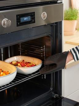 Gara reňkli silikonly peç guşagy, eliňizi gyzgynlyklardan goramak üçin amatlydyr. Ýumşak we çydamly.
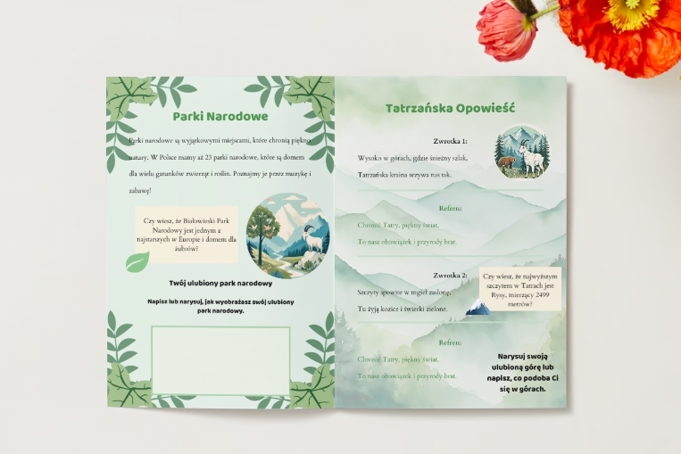 ✅ Piosenek o ekologii i przyrodzie – inspirowane parkami narodowymi, ochroną zwierząt i codzienną ekologią.
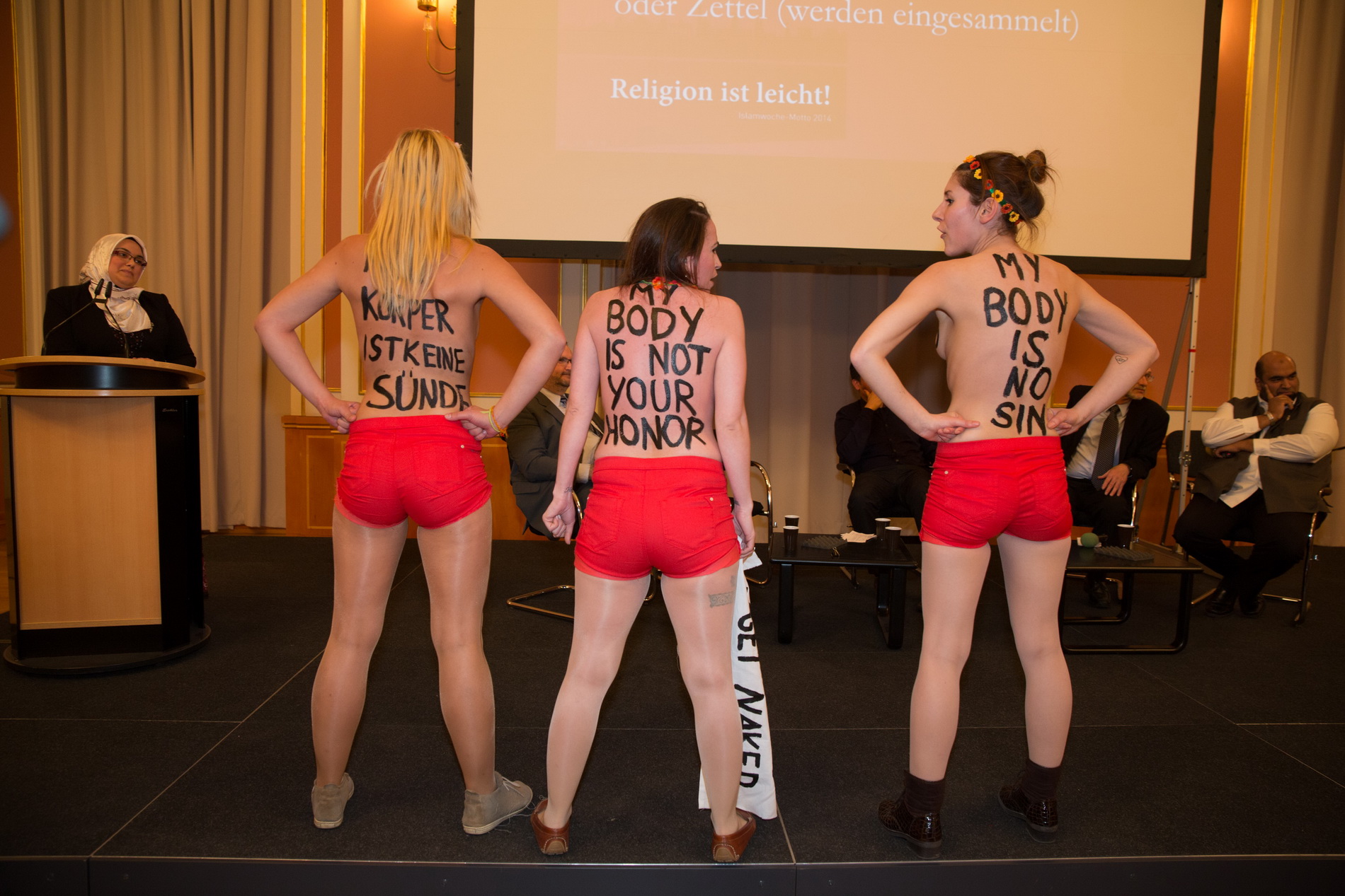 În unele ţări musulmane, restricţiile impuse femeilor sunt inumane. Nu au voie să-şi dezgolească trupul, iar în unele cazuri nici măcar faţa. Mai mult decât atât ele nu au libertatea de a ieşi neînsoţite de stradă, indiferent de momentul zilei. Mai multe tinere au ales să protesteze împotriva acestor restricţii în modul lor caracteristic. Acţiunea a atras cu siguranţă atenţia tuturor, cazul devenind intens mediatizat. Topless, în pantaloni scurţi roşii, fetele aveau scrise pe corp mesaje dure: "Corpul meu nu e onoarea ta", "Corpul meu nu este un păcat". Protestatarele au fost scoase din sală, cu forţa, de autorităţi.
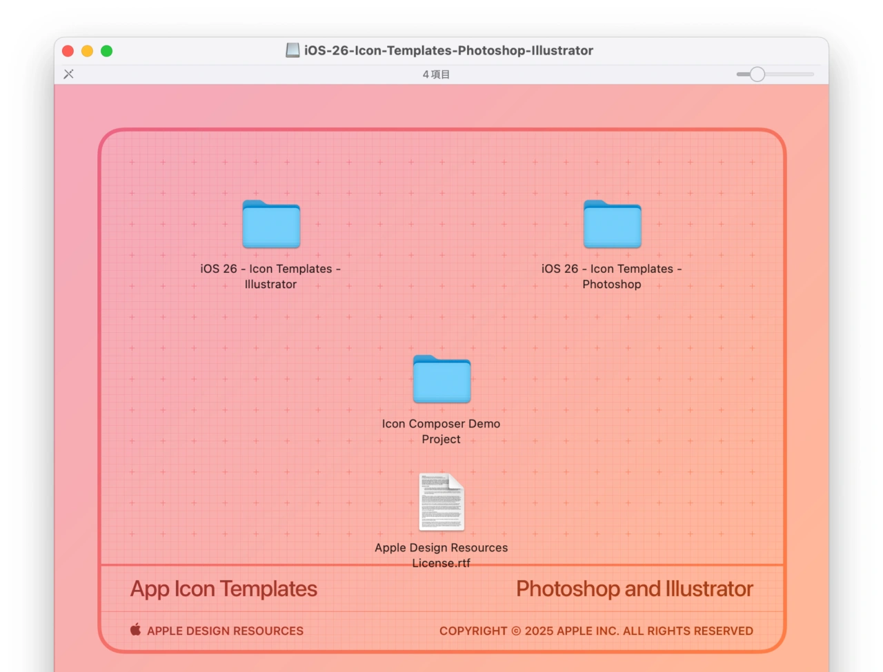 また、macOS 26 TahoeやiOS 26/iPadOS 26ではアイコンもデザインが刷新されるため、開発者はアプリのアイコンのアップデートも行わなければなりませんが、それに合わせてAppleはPhotoshopとIllustrator形式でアイコンテンプレートも公開されており、

------------------------------------------------------------------------

*Your goal*. Exactly as written, repeat the lines of the material above from the first through the line holding "i codzienną ekologią.", with both ends in the copy and no pictures.

*Response*.
 Gara reňkli silikonly peç guşagy, eliňizi gyzgynlyklardan goramak üçin amatlydyr. Ýumşak we çydamly.
 ✅ Piosenek o ekologii i przyrodzie – inspirowane parkami narodowymi, ochroną zwierząt i codzienną ekologią.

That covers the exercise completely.